Need to do something else with these files? Merge two CSVs into one, view a CSV in a sortable table, or fix a broken CSV before comparing.
Related tools
Convert any CSV file to a real .xlsx Excel workbook in seconds. Free, no signup, files never leave your browser.
Turn any .xlsx or .xls Excel file into a clean CSV. Pick the sheet, pick the delimiter, download. No upload.
Convert any Excel workbook (.xlsx or .xls) to a printable PDF in seconds. Pick the sheet, pick orientation, download. 100% private.
Convert any CSV file to a clean PDF table in seconds. Free, no signup, files never leave your browser.
Frequently asked questions
- How do I diff two CSV files?
Drop File A (the old version) and File B (the new version) into the boxes at the top of this page. The tool parses both with PapaParse and shows three tabs — Added, Removed, Changed — with downloadable CSVs for each.
- When should I pick a key column instead of whole-row matching?
Whole-row matching shows what's strictly added or removed, but a typo in any field looks like 'one row removed + one row added'. If your rows have a stable identifier (id, email, sku, order_number), pick it from the dropdown — the tool will pair rows by that key and surface field-level changes in the Changed tab.
- Does column order matter?
No. The whole-row comparison sorts column names before hashing each row, so re-ordering columns between exports won't show up as a diff. Headers that exist in only one file are added to the union and treated as empty in the other.

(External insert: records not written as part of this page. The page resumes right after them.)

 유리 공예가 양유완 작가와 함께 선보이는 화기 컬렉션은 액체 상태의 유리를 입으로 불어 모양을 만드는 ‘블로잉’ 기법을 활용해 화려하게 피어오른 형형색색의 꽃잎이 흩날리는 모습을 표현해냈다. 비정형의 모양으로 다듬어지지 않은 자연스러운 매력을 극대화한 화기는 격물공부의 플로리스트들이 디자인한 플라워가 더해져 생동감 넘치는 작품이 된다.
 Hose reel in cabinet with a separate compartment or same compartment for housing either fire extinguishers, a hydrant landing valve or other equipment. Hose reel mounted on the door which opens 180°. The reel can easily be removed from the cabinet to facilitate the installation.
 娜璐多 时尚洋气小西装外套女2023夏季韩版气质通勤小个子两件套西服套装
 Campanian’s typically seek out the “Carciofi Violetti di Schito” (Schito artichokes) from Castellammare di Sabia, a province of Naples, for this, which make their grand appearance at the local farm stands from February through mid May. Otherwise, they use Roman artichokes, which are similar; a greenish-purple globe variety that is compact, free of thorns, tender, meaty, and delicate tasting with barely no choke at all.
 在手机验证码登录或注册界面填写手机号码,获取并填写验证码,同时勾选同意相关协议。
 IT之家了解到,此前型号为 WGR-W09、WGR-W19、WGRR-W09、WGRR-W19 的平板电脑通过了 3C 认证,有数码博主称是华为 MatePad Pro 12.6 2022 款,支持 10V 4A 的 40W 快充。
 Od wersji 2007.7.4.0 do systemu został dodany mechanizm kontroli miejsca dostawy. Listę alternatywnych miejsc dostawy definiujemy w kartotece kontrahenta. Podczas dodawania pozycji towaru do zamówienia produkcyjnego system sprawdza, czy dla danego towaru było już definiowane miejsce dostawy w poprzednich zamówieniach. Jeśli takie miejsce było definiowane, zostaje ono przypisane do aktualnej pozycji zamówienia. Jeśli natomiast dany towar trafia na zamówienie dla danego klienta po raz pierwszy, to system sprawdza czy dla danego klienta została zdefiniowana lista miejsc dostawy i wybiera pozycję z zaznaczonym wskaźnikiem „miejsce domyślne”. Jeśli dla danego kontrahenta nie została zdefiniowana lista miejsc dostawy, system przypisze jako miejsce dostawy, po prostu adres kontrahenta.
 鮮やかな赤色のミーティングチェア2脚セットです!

- How big can the files be?
Comparison happens in your browser, so it's bounded by your machine's RAM. Two 100K-row files with ~20 columns each are fine on a modern laptop. For multi-million-row diffs, use csvdiff or pandas on the command line — see the article below.
- How is this different from Excel's diff?

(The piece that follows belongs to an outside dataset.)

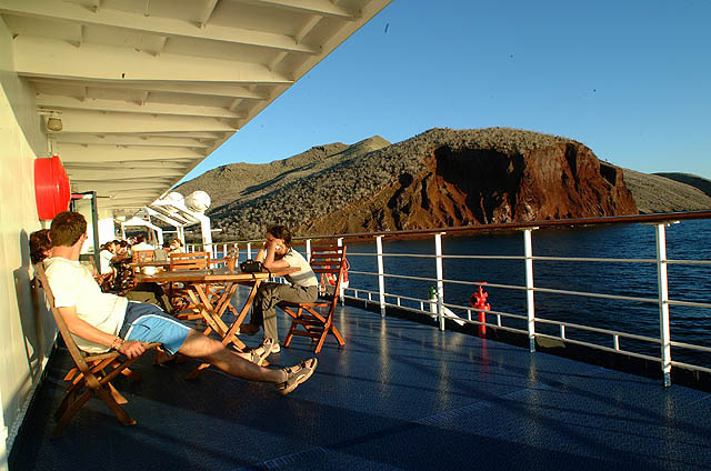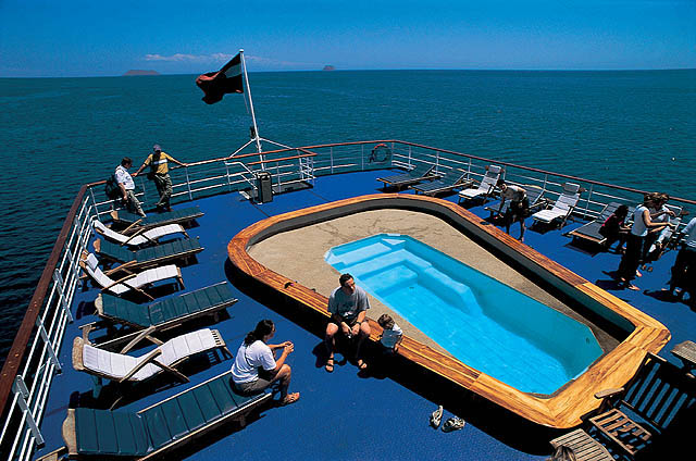 The Legen is designed specifically for cruising the Galapagos Islands, the Galapagos Legend offers all the amenities of a larger cruise liner yet still has the intimate feel of family-style cruising. This 300-foot Galapagos cruise ship provides all the facilities and services to make your cruise around the islands enjoyable and comfortable. The Galapagos Legend has a capacity for 90 passengers and all the services of a cruise liner while remaining small enough for that intimate experience with nature that first attracted you to the Galapagos Islands. Its fully carpeted luxurious cabins have ocean views, closets, their own private bathrooms, hot and cold water, hair dryers, safe deposit boxes and other amenities. |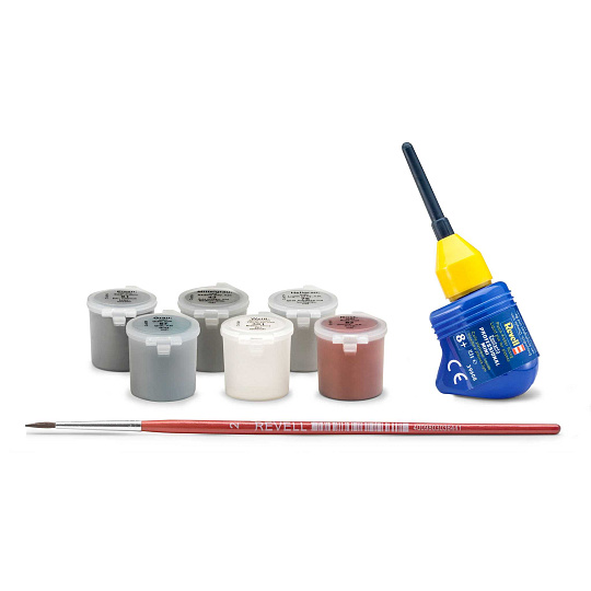 2 plastové modely (nesestavené), ilustrovaný vícejazyčný návod na sestavení, obtisky, barvy (Revell Aqua Color), štětce, lepidlo (Revell Contacta Professional Mini)

Excel doesn't have a built-in diff — people fake it with VLOOKUP, XLOOKUP, or conditional formatting on a side-by-side sheet. That works for tiny files but breaks down past a few thousand rows. This tool diffs end-to-end and gives you Added/Removed/Changed CSVs ready to share.

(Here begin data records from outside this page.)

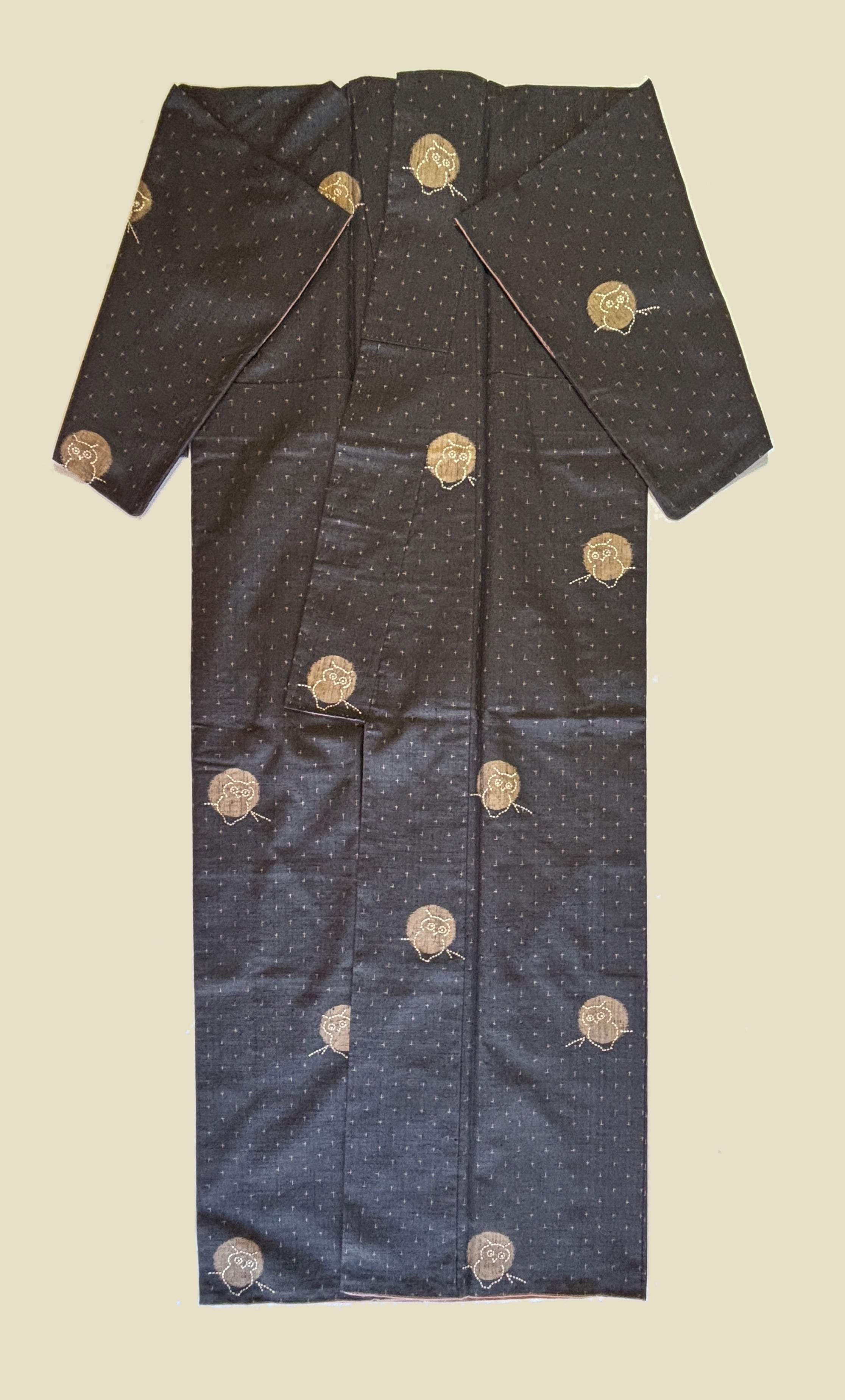 さて目利きしますと、全体に十字絣を織り上げていて、さらに丸場(お月さん)を絣にて織り、ふくろうを刺子で表現しています。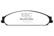 Designed for premium street driving offering better brake effect up to 600-degrees C (1100-degrees F). EBC Greenstuff has a high initial brake effect and gives drivers confidence from first application of the brake pedal. There is no such thing as a NO DUST pad. The very nature of how a brake works requires that some dust be generated to avoid rotor vibration (shimmying). The EBC pad creates less dust and dust is more easily washed off than most. All pads create more dust as they are bedding in especially if rotors are worn. Nominal friction coefficient 0.55. For heavier faster cars and vehicles above 200bhp we strongly recommend Redstuff which DOES offer much less dust.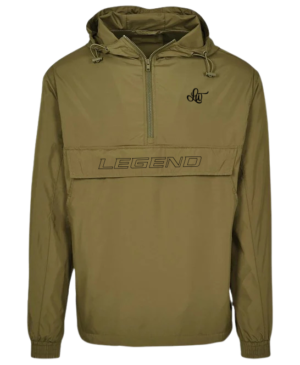 Shop the Urban Legend Anorak in black/Grey and olive green. A lightweight, water-repellent unisex windbreaker with adjustable hood, utility pocket and streetwear design. Perfect for urban style.

- How is this different from git diff?
git diff is line-based — re-sorting a CSV or moving columns produces a wall of red and green that doesn't reflect real data changes. This tool diffs at the row level (and optionally by key column), so reordering rows or columns is a non-event.
- Can I see exactly which fields changed?
Yes — pick a key column and switch to the Changed tab. Cells that differ between File A and File B are highlighted in amber. The downloadable changed.csv contains both the before and after rows with a status flag.
- Is my CSV uploaded?
No. Both files are parsed and compared entirely in your browser using PapaParse. Nothing is sent to a server — verify in DevTools → Network.